Records to process:

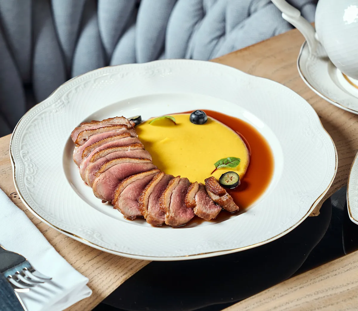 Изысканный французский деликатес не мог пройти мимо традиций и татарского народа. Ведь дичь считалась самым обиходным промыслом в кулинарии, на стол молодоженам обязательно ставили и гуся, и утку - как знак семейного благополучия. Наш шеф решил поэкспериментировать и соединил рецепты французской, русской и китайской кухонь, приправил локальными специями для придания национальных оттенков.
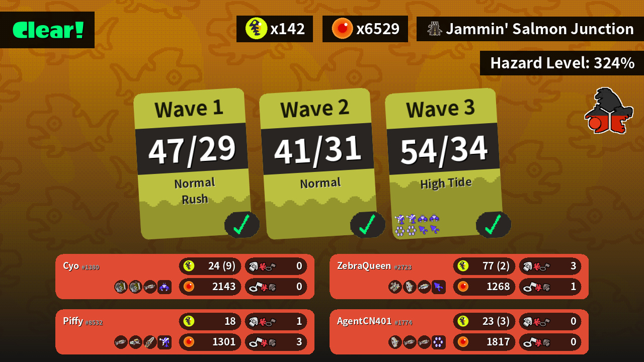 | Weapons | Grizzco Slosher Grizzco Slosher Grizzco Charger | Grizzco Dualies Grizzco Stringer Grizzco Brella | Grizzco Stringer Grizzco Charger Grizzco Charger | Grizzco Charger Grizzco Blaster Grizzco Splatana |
==
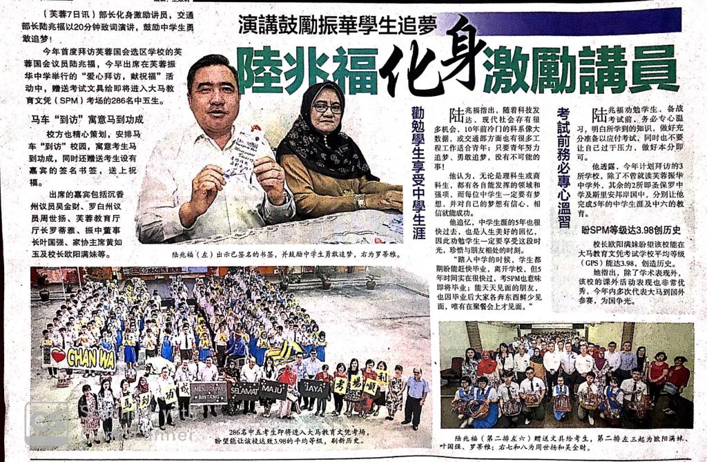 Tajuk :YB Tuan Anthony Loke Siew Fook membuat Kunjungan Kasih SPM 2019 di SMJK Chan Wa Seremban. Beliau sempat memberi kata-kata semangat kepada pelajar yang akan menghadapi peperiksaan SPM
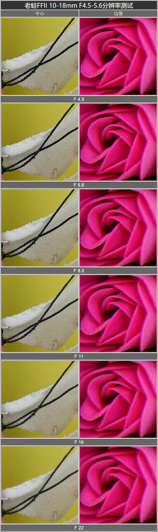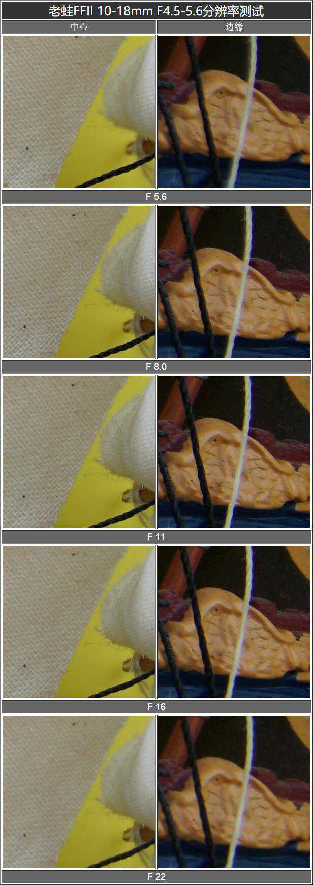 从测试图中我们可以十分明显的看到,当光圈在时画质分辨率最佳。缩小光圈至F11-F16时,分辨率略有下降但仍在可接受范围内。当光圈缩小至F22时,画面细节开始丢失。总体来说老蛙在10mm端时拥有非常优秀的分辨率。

Goal of the exercise: Everything from the line with "Tajuk :YB Tuan" down to the line with "从测试图中我们可以十分明显的" in the data above should be copied exactly, with both end lines kept and the pictures left out.

Answer section:
 Tajuk :YB Tuan Anthony Loke Siew Fook membuat Kunjungan Kasih SPM 2019 di SMJK Chan Wa Seremban. Beliau sempat memberi kata-kata semangat kepada pelajar yang akan menghadapi peperiksaan SPM
 从测试图中我们可以十分明显的看到,当光圈在时画质分辨率最佳。缩小光圈至F11-F16时,分辨率略有下降但仍在可接受范围内。当光圈缩小至F22时,画面细节开始丢失。总体来说老蛙在10mm端时拥有非常优秀的分辨率。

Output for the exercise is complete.